The Gold Coast Suns go into the 2021 trade period with a surfeit of picks, a full primary list and so far their retirements and delistings have only cleared up four Category A rookie list spots.
As is traditional in the week immediately following the grand final, the AFL Commission will be meeting to decide the final conditions of the imminent free agency, trade and draft periods, which open with free agency on Friday, October 1. Trading begins on Monday, October 4.
The key to the Suns’ strategy will hinge on whether the AFL Commission allows them to keep their ability to access academy players outside of the draft for a third year and their priority pick at the start of second round.
Should this remain unchanged, as expected, the Gold Coast general manager of list strategy Craig Cameron and incoming general manager of football performance Wayne Campbell will be opening for business as they hold highly desirable picks and players that already have opposition clubs circling.
List moves have been gathering pace this week, with the first delisting following four retirements announced late in the season, while the Suns’ mid-season draft pick Ned Moyle brings the total number of players to 45.
Reports indicate that the Suns have all 38 primary listed players under contract, so they will be using delisted free agency to re-rookie players in order to free up senior spots, although it remains unclear how the minimum requirement of drafting three players will apply to the Suns if they can pre-list academy rookies.
Mabior Chol’s imminent contract will require a senior spot, although rookie-listed players such as Irishman Luke Towey and project player Patrick Murtagh will likely depart after two years each on the list without playing an AFL game and having limited opportunities in the reserves.
However, it has been the candour of Craig Cameron in recent interviews that has speculation around the Suns’ pick three intensifying during the week, with Richmond and Adelaide believed to be interested in moving up the order.
As previously covered, if the Suns can pre-list academy rookies they aren’t going to use anywhere near all seven of their picks, which are currently three, 19, 22, 43, 55, 58 and 66, and may also look to trade out surplus players, further increasing their draft capital.
First-round draftees from the Rodney Eade period, Brayden Fiorini and Will Brodie, may be offered to Victorian clubs for future picks, while Jacob Townsend awaits his fate at his fourth club and veteran Rory Thompson, unseen since 2018, decides whether to continue playing after ACL reconstructions on both knees.
Ideally, the Suns enter the draft with three first-round draft picks, although some trading may need to be done on the night to get high enough up the order and it remains to be seen where any of those picks might be.
The priority of the Suns’ recruiters over the past three post-seasons has been to balance the list and put the club in the best position to land a big fish, so there is no doubt that pick three is coveted and the club can offer a large front-ended deal while all the young stars are in their early contracts.
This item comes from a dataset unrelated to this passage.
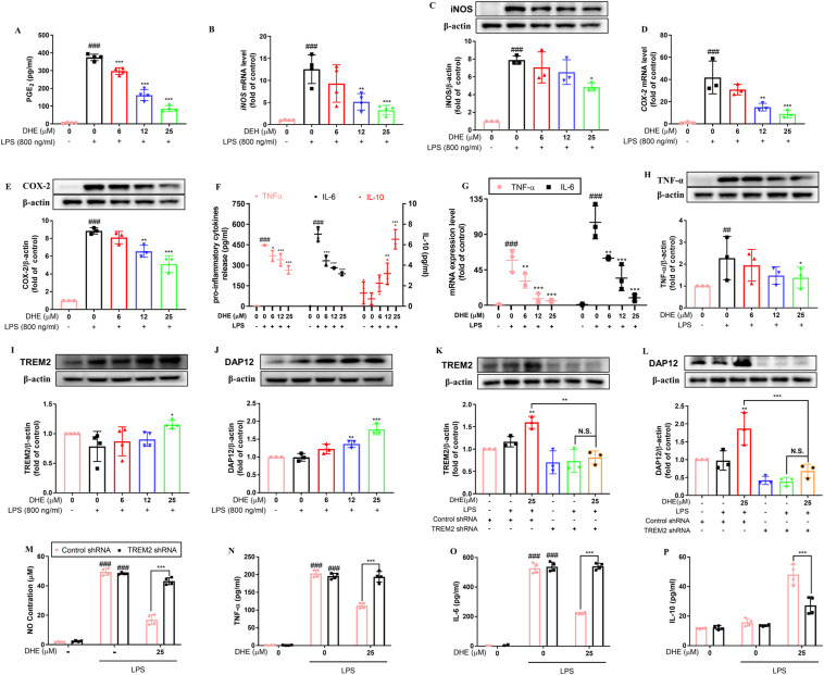 Fig. 2 DHE suppressed LPS-induced activation of proinflammatory mediators and prevented the release of inflammatory cytokines by targeting TREM2. Cells were pretreated with DHE for 1 h and then exposed to LPS for another 24 h. (A) PGE2 production was determined by ELISA; n = 4. (B, D) The mRNA levels of iNOS and COX-2 were detected by RT-PCR analysis; n = 3. (C, E) Protein levels of iNOS and COX-2 were measured by Western blot analysis; n = 3. (F) Secretion levels of TNF-α, IL-6, and IL-10 in the cell culture medium were determined by relative ELISA; n = 4. (G) The mRNA levels of TNF-α and IL-6 were assessed by RT-PCR analysis; n = 3. (H) Protein levels of TNF-α were evaluated by Western blot analysis; n = 3. TREM2 (I) and DAP 12 (J) protein expression were detected by Western blot analysis and quantified by ImageJ. After TREM2 was knocked down using shRNA, microglial cells were treated with DHE in the presence or absence of LPS to determine TREM2 (K) and DAP12 (L) protein expression levels. The supernatant of BV2 cells was then used to measure NO production (M), TNF-α (N), IL-6 (O), and IL-10 (P) via Griess reagent and ELISA assay, respectively; n = 3–4. Data are presented as the mean ± SD analyzed by one-way ANOVA. ∗p < 0.05, ∗∗p < 0.01, and ∗∗∗p < 0.001 vs. the LPS-treated group; #p < 0.05, ##p < 0.01, and ###p < 0.001 vs. the control group; N.S. = not significant.

Such a player might not materialise, but if it were to come from anywhere it would likely be a club such as this year’s finalists, particularly Sydney and the Bulldogs, which need to move large contracts in order to keep the nucleus of their sides.
The Suns’ recruiters definitely covet the number one pick and North Melbourne could be persuaded to trade out of pole should there be overs on the table, which the Suns’ picks three and 19 or three and a player such as Brodie might satisfy.
Another possibility might see the Suns facilitate a third club’s move into pick one by offering pick three in a three-club trade, but that requires an A-grade player coming to the Suns and enough extras to keep three parties happy.
Collingwood could throw the kitchen sink at getting pick one, thus getting inside any bids on Nick Daicos and have a shot at Jason Horne-Francis, so the Suns could offer pick three to North and their later picks to the Pies, who could send one of their A-graders to the Suns and a future second-rounder to North.
Of course, North could hit the bargaining table with players and picks themselves to dramatically disrupt this trade period and shake up the draft order, while Richmond is the other major player with a lot of draft capital who could do business with the Suns.